[[ Data provided open ]]
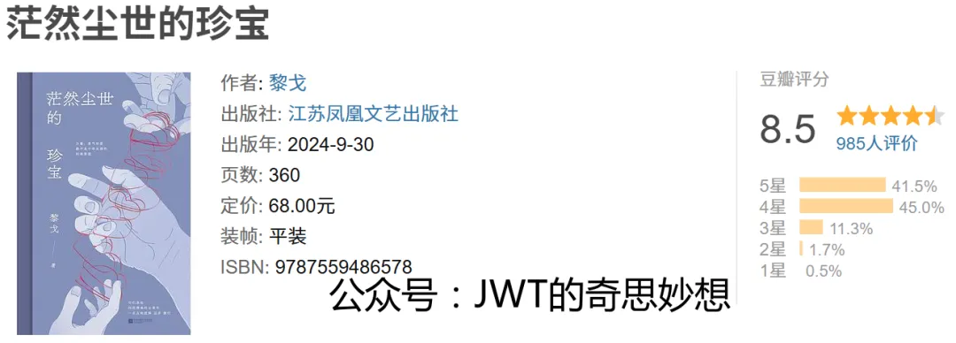 《茫然尘世的珍宝》是作家黎戈的散文集,以细腻沉静的笔触捕捉日常生活中的诗意与哲思。书中聚焦那些在喧嚣尘世中易被忽视的微小事物与瞬间——一片叶的纹理、一瞬光的偏移、一句偶然的话语,在作者眼中皆成为 抵御时间流逝的精神珍宝。
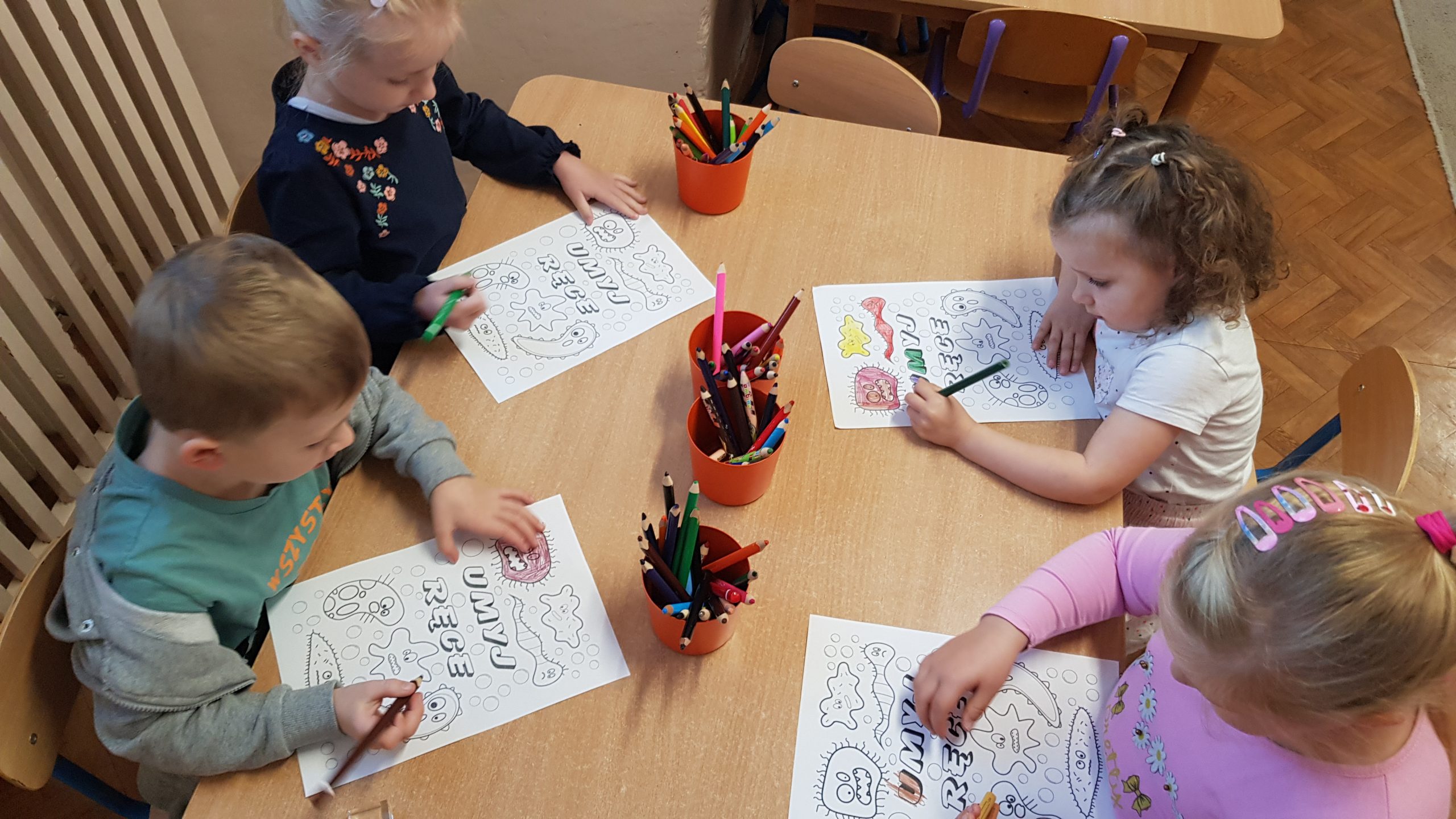 Głównym zadaniem naszego przedszkola jest dbałość o zdrowie i bezpieczeństwo dzieci. Jednym ze sposobów realizacji tego zamierzenia był udział naszych przedszkolaków w Światowym Dniu Mycia Rąk. Celem obchodów tego dnia było uświadomienie dzieciom, jak duże znaczenie dla ich zdrowia i życia ma mycie rąk, które może uchronić przed zakażeniem wieloma chorobami. Podczas tego dnia rozmawialiśmy na temat zarazków, bakterii i wirusów, które dostają się do naszego organizmu poprzez brudne ręce. Próbowaliśmy odpowiedzieć na pytanie: „Dlaczego i w jakich sytuacjach powinniśmy myć ręce”, omówiliśmy także schemat mycia rąk oraz zastosowaliśmy go w praktyce. Ponadto wspólnie wykonaliśmy eksperyment pokazujący jak wirusy i zarazki boją się mydła i czystych rąk.
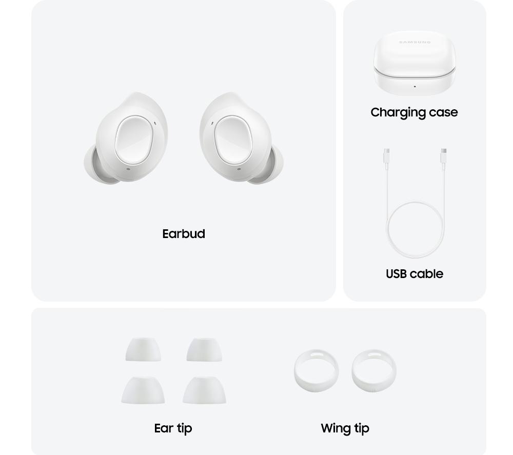 Hear more of what matters with these Samsung Galaxy Buds FE. Active Noise Cancelling filters out all of the annoying distractions around you, so you can focus on your music or podcast. But when you need to be more present, Ambient Noise lets the outside world come flooding back in – never miss a train announcement again. They're comfy too. The ergonomic design fits snugly in your ears and the wing-tips make sure they stay put during even the most intense workouts. You may even forget you're wearing them. And with up to 27 hours of battery (including the charging case) you can vibe to your favourite playlists from sunrise to sunset.Good to know- Go from watching a movie on your tablet to taking a call on your phone with Auto Switch- Misplaced your buds? Track them down with the SmartThings Find app on your phone- Enjoy crystal clear phone calls thanks to AI technology which filters out background noise- Connecting to your devices is as easy as ABC – just open the case and tap to connect, pair and sync- Turn on Smart View and they automatically sync to your compatible Samsung TV (sold separately)
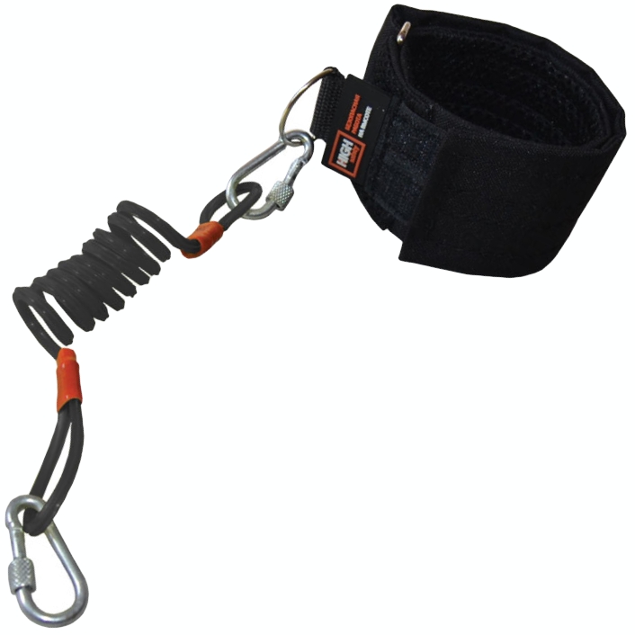Строп для страховки инструмента в виде манжета. Пружина с карабином: 25 см. Максимальное удлинение: до 40 см.
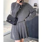 ワンピース 2点セット ケーブルポロカラーニット&ミニスカートセット
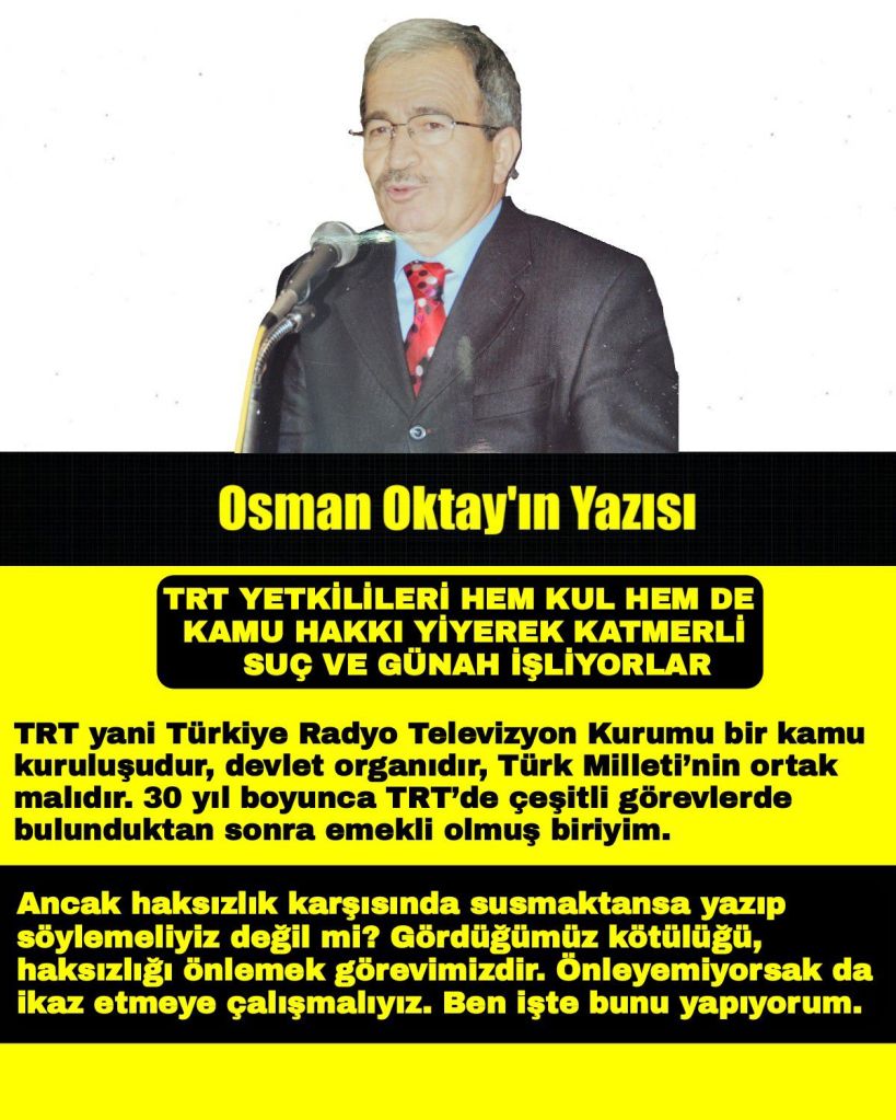 TRT yani Türkiye Radyo Televizyon Kurumu bir kamu kuruluşudur, devlet organıdır, Türk Milleti’nin ortak malıdır. 30 yıl boyunca TRT’de çeşitli görevlerde bulunduktan sonra emekli olmuş biriyim.
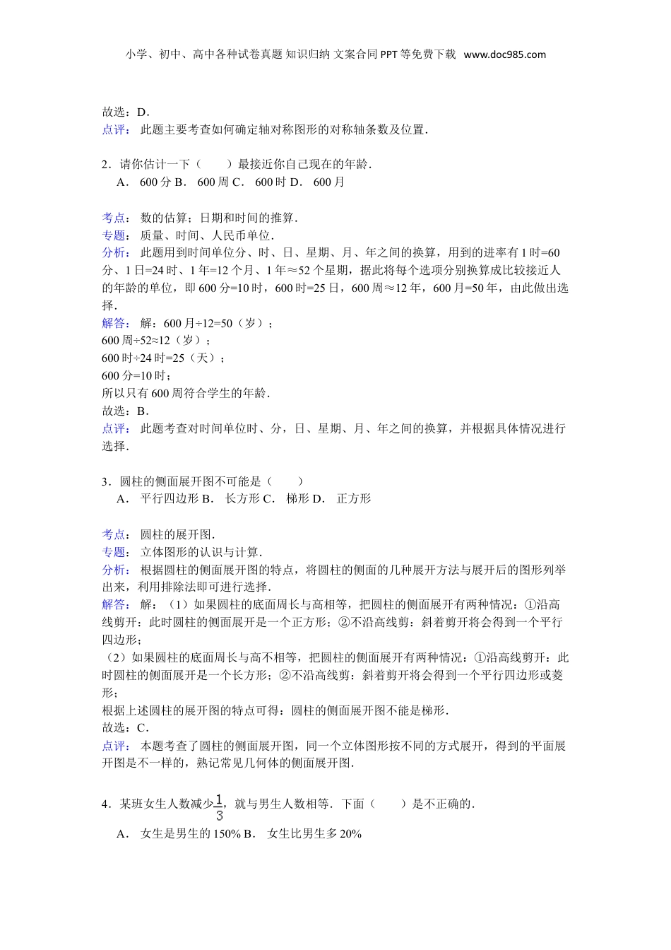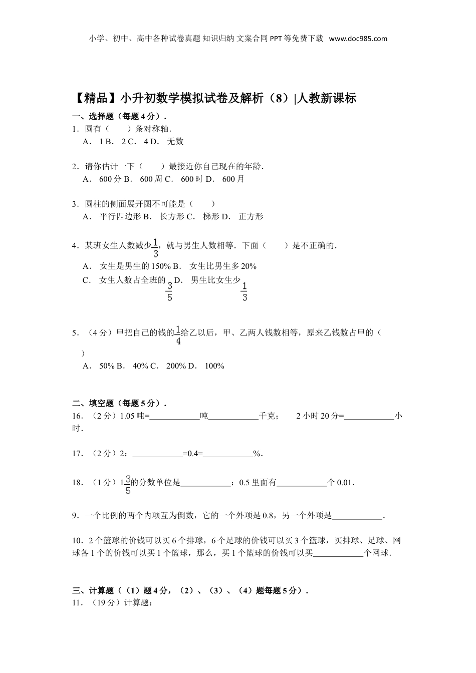 小学、初中、高中各种试卷真题知识归纳文案合同PPT等免费下载www.doc985.com【精品】小升初数学模拟试卷及解析(8)|人教新课标一、选择题(每题4分).1.圆有()条对称轴.A.1B.2C.4D.无数2.请你估计一下()最接近你自己现在的年龄.A.600分B.600周C.600时D.600月3.圆柱的侧面展开图不可能是()A.平行四边形B.长方形C.梯形D.正方形4.某班女生人数减少,就与男生人数相等.下面()是不正确的.A.女生是男生的150%B.女生比男生多20%C.女生人数占全班的D.男生比女生少[来源:Zxxk.Com]5.(4分)甲把自己的钱的给乙以后,甲、乙两人钱数相等,原来乙钱数占甲的()A.50%B.40%C.200%D.100%二、填空题(每题5分).16.(2分)1.05吨=吨千克;2小时20分=小时.17.(2分)2:=0.4=%.18.(1分)1的分数单位是:0.5里面有个0.01.9.一个比例的两个内项互为倒数,它的一个外项是0.8,另一个外项是.10.2个篮球的价钱可以买6个排球,6个足球的价钱可以买3个篮球,买排球、足球、网球各1个的价钱可以买1个篮球,那么,买1个篮球的价钱可以买个网球.三、计算题((1)题4分,(2)、(3)、(4)题每题5分).11.(19分)计算题:小学、初中、高中各种试卷真题知识归纳文案合同PPT等免费下载www.doc985.com(1)÷(﹣)[来源:学+科+网Z+X+X+K](2)2÷×+12×(++)(3)++++…+(4)3.14×43+7.2×31.4150×0.314﹣.四、解答题(第12题7分,第13题7分,第14题10分,第15题12分)12.(7分)求阴影部分面积.13.一个圆柱体,底面半径是7厘米,表面积是1406.72平方厘米.这个圆柱的高是多少?14.(10分)将一根电线截成15段,一部分每段长8米,另一部分每段长5米,长8米的总长度比长5米的总长度多3米,求这根铁丝全长多少米?15.(12分)某解放部队从营地赶往地震灾区运送急救物资,如果行进速度比原计划提高,就可以比预定时间早到20分钟;如果按原速行驶72千米,再将速度提高,就可以比预定时间早到30分.求部队营地到地震灾区的距离.参考答案与试题解析[来源:Zxxk.Com]一、选择题(每题4分).1.圆有()条对称轴.A.1B.2C.4D.无数考点:确定轴对称图形的对称轴条数及位置.专题:图形与变换.分析:根据轴对称图形的定义:一个图形沿一条直线对折,直线两旁的部分能够完全重合,则这个图形就是轴对称图形,这条直线就是这个图形的一条对称轴,据此即可解答.解答:解:根据题干分析可得,圆有无数条对称轴.小学、初中、高中各种试卷真题知识归纳文案合同PPT等免费下载www.doc985.com故选:D.点评:此题主要考查如何确定轴对称图形的对称轴条数及位置.2.请你估计一下()最接近你自己现在的年龄.A.600分B.600周C.600时D.600月考点:数的估算;日期和时间的推算.专题:质量、时间、人民币单位.分析:此题用到时间单位分、时、日、星期、月、年之间的换算,用到的进率有1时=60分、1日=24时、1年=12个月、1年≈52个星期,据此将每个选项分别换算成比较接近人的年龄的单位,即600分=10时,600时=25日,600周≈12年,600月=50年,由此做出选择.解答:解:600月÷12=50(岁);600周÷52≈12(岁);600时÷24时=25(天);600分=10时;所以只有600周符合学生的年龄.故选:B.点评:此题考查对时间单位时、分,日、星期、月、年之间的换算,并根据具体情况进行选择.3.圆柱的侧面展开图不可能是()A.平行四边形B.长方形C.梯形D.正方形考点:圆柱的展开图.专题:立体图形的认识与计算.分析:根据圆柱的侧面展开图的特点,将圆柱的侧面的几种展开方法与展开后的图形列举出来,利用排除法即可进行选择.解答:解:(1)如果圆柱的底面周长与高相等,把圆柱的侧面展开有两种情况:①沿高线剪开:此时圆柱的侧面展开是一个正方形;②不沿高线剪:斜着剪开将会得到一个平行四边形;(2)如果圆柱的底面周长与高不相等,把圆柱的侧面展开有两种情况:①沿高线剪开:此时圆柱的侧面展开是一个长方形;②不沿高线剪:斜着剪开将会得到一个平行四边形或菱形;根据上述圆柱的展开图的特点可得:圆柱的侧面展开图不能是梯形.故选:C.点评...
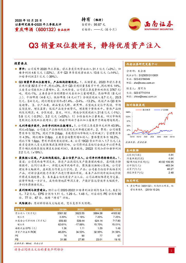 西南证券:重庆啤酒(600132)-Q3销量双位数增长,静待优质资产注入.pdf
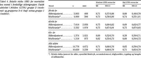 Resultater: I alt døde 2.881 kvinder og 5.668 mænd. Sammenholdt med de fysisk inaktive var den alders- og kønsjusterede dødelighed i aktivitetsgrupperne 2 til 4 (stigende aktivitet) henholdsvis 0,68, 0,61 og 0,53 (p <0,001) uden forskel mellem aldersgrupper og køn. Blandt de moderat og meget aktive fandtes en halvt så høj dødelighedsrate hos dem, som dyrkede sport, som hos de ikke-sportsudøvende. De, som cyklede til arbejde, havde sammenlignet med dem, som ikke cyklede, en dødelighed på 0,72 efter multivariatjustering, herunder justering for fysisk aktivitet i fritiden.
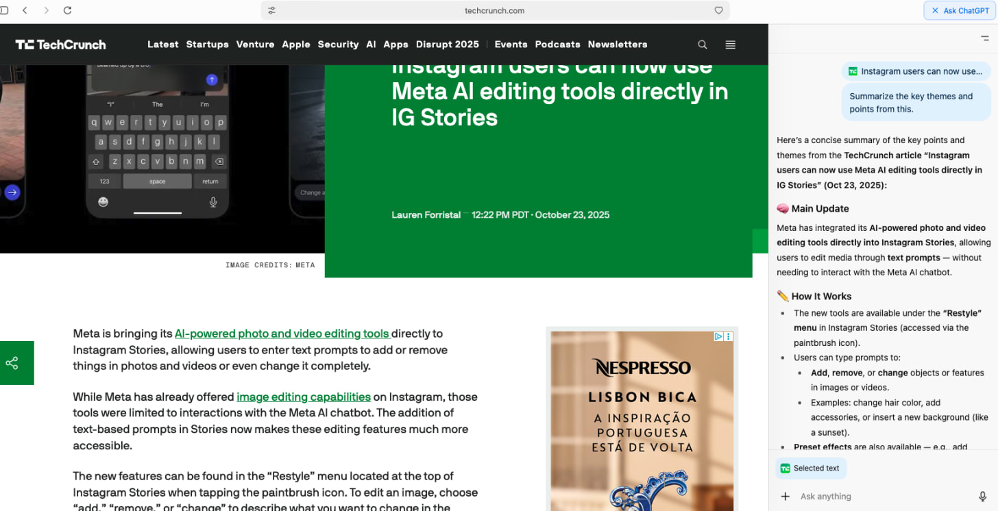 With Atlas, ChatGPT automatically knows the page youβre on, so you can ask:
[[ Data provided closed ]]
About this task: Set down each entry again exactly as written. Pictures stay out.

Written response:
 《茫然尘世的珍宝》是作家黎戈的散文集,以细腻沉静的笔触捕捉日常生活中的诗意与哲思。书中聚焦那些在喧嚣尘世中易被忽视的微小事物与瞬间——一片叶的纹理、一瞬光的偏移、一句偶然的话语,在作者眼中皆成为 抵御时间流逝的精神珍宝。
 Głównym zadaniem naszego przedszkola jest dbałość o zdrowie i bezpieczeństwo dzieci. Jednym ze sposobów realizacji tego zamierzenia był udział naszych przedszkolaków w Światowym Dniu Mycia Rąk. Celem obchodów tego dnia było uświadomienie dzieciom, jak duże znaczenie dla ich zdrowia i życia ma mycie rąk, które może uchronić przed zakażeniem wieloma chorobami. Podczas tego dnia rozmawialiśmy na temat zarazków, bakterii i wirusów, które dostają się do naszego organizmu poprzez brudne ręce. Próbowaliśmy odpowiedzieć na pytanie: „Dlaczego i w jakich sytuacjach powinniśmy myć ręce”, omówiliśmy także schemat mycia rąk oraz zastosowaliśmy go w praktyce. Ponadto wspólnie wykonaliśmy eksperyment pokazujący jak wirusy i zarazki boją się mydła i czystych rąk.
 Hear more of what matters with these Samsung Galaxy Buds FE. Active Noise Cancelling filters out all of the annoying distractions around you, so you can focus on your music or podcast. But when you need to be more present, Ambient Noise lets the outside world come flooding back in – never miss a train announcement again. They're comfy too. The ergonomic design fits snugly in your ears and the wing-tips make sure they stay put during even the most intense workouts. You may even forget you're wearing them. And with up to 27 hours of battery (including the charging case) you can vibe to your favourite playlists from sunrise to sunset.Good to know- Go from watching a movie on your tablet to taking a call on your phone with Auto Switch- Misplaced your buds? Track them down with the SmartThings Find app on your phone- Enjoy crystal clear phone calls thanks to AI technology which filters out background noise- Connecting to your devices is as easy as ABC – just open the case and tap to connect, pair and sync- Turn on Smart View and they automatically sync to your compatible Samsung TV (sold separately)
Строп для страховки инструмента в виде манжета. Пружина с карабином: 25 см. Максимальное удлинение: до 40 см.
 ワンピース 2点セット ケーブルポロカラーニット&ミニスカートセット
 TRT yani Türkiye Radyo Televizyon Kurumu bir kamu kuruluşudur, devlet organıdır, Türk Milleti’nin ortak malıdır. 30 yıl boyunca TRT’de çeşitli görevlerde bulunduktan sonra emekli olmuş biriyim.
 小学、初中、高中各种试卷真题知识归纳文案合同PPT等免费下载www.doc985.com【精品】小升初数学模拟试卷及解析(8)|人教新课标一、选择题(每题4分).1.圆有()条对称轴.A.1B.2C.4D.无数2.请你估计一下()最接近你自己现在的年龄.A.600分B.600周C.600时D.600月3.圆柱的侧面展开图不可能是()A.平行四边形B.长方形C.梯形D.正方形4.某班女生人数减少,就与男生人数相等.下面()是不正确的.A.女生是男生的150%B.女生比男生多20%C.女生人数占全班的D.男生比女生少[来源:Zxxk.Com]5.(4分)甲把自己的钱的给乙以后,甲、乙两人钱数相等,原来乙钱数占甲的()A.50%B.40%C.200%D.100%二、填空题(每题5分).16.(2分)1.05吨=吨千克;2小时20分=小时.17.(2分)2:=0.4=%.18.(1分)1的分数单位是:0.5里面有个0.01.9.一个比例的两个内项互为倒数,它的一个外项是0.8,另一个外项是.10.2个篮球的价钱可以买6个排球,6个足球的价钱可以买3个篮球,买排球、足球、网球各1个的价钱可以买1个篮球,那么,买1个篮球的价钱可以买个网球.三、计算题((1)题4分,(2)、(3)、(4)题每题5分).11.(19分)计算题:小学、初中、高中各种试卷真题知识归纳文案合同PPT等免费下载www.doc985.com(1)÷(﹣)[来源:学+科+网Z+X+X+K](2)2÷×+12×(++)(3)++++…+(4)3.14×43+7.2×31.4150×0.314﹣.四、解答题(第12题7分,第13题7分,第14题10分,第15题12分)12.(7分)求阴影部分面积.13.一个圆柱体,底面半径是7厘米,表面积是1406.72平方厘米.这个圆柱的高是多少?14.(10分)将一根电线截成15段,一部分每段长8米,另一部分每段长5米,长8米的总长度比长5米的总长度多3米,求这根铁丝全长多少米?15.(12分)某解放部队从营地赶往地震灾区运送急救物资,如果行进速度比原计划提高,就可以比预定时间早到20分钟;如果按原速行驶72千米,再将速度提高,就可以比预定时间早到30分.求部队营地到地震灾区的距离.参考答案与试题解析[来源:Zxxk.Com]一、选择题(每题4分).1.圆有()条对称轴.A.1B.2C.4D.无数考点:确定轴对称图形的对称轴条数及位置.专题:图形与变换.分析:根据轴对称图形的定义:一个图形沿一条直线对折,直线两旁的部分能够完全重合,则这个图形就是轴对称图形,这条直线就是这个图形的一条对称轴,据此即可解答.解答:解:根据题干分析可得,圆有无数条对称轴.小学、初中、高中各种试卷真题知识归纳文案合同PPT等免费下载www.doc985.com故选:D.点评:此题主要考查如何确定轴对称图形的对称轴条数及位置.2.请你估计一下()最接近你自己现在的年龄.A.600分B.600周C.600时D.600月考点:数的估算;日期和时间的推算.专题:质量、时间、人民币单位.分析:此题用到时间单位分、时、日、星期、月、年之间的换算,用到的进率有1时=60分、1日=24时、1年=12个月、1年≈52个星期,据此将每个选项分别换算成比较接近人的年龄的单位,即600分=10时,600时=25日,600周≈12年,600月=50年,由此做出选择.解答:解:600月÷12=50(岁);600周÷52≈12(岁);600时÷24时=25(天);600分=10时;所以只有600周符合学生的年龄.故选:B.点评:此题考查对时间单位时、分,日、星期、月、年之间的换算,并根据具体情况进行选择.3.圆柱的侧面展开图不可能是()A.平行四边形B.长方形C.梯形D.正方形考点:圆柱的展开图.专题:立体图形的认识与计算.分析:根据圆柱的侧面展开图的特点,将圆柱的侧面的几种展开方法与展开后的图形列举出来,利用排除法即可进行选择.解答:解:(1)如果圆柱的底面周长与高相等,把圆柱的侧面展开有两种情况:①沿高线剪开:此时圆柱的侧面展开是一个正方形;②不沿高线剪:斜着剪开将会得到一个平行四边形;(2)如果圆柱的底面周长与高不相等,把圆柱的侧面展开有两种情况:①沿高线剪开:此时圆柱的侧面展开是一个长方形;②不沿高线剪:斜着剪开将会得到一个平行四边形或菱形;根据上述圆柱的展开图的特点可得:圆柱的侧面展开图不能是梯形.故选:C.点评...
 西南证券:重庆啤酒(600132)-Q3销量双位数增长,静待优质资产注入.pdf
 Resultater: I alt døde 2.881 kvinder og 5.668 mænd. Sammenholdt med de fysisk inaktive var den alders- og kønsjusterede dødelighed i aktivitetsgrupperne 2 til 4 (stigende aktivitet) henholdsvis 0,68, 0,61 og 0,53 (p <0,001) uden forskel mellem aldersgrupper og køn. Blandt de moderat og meget aktive fandtes en halvt så høj dødelighedsrate hos dem, som dyrkede sport, som hos de ikke-sportsudøvende. De, som cyklede til arbejde, havde sammenlignet med dem, som ikke cyklede, en dødelighed på 0,72 efter multivariatjustering, herunder justering for fysisk aktivitet i fritiden.
 With Atlas, ChatGPT automatically knows the page youβre on, so you can ask:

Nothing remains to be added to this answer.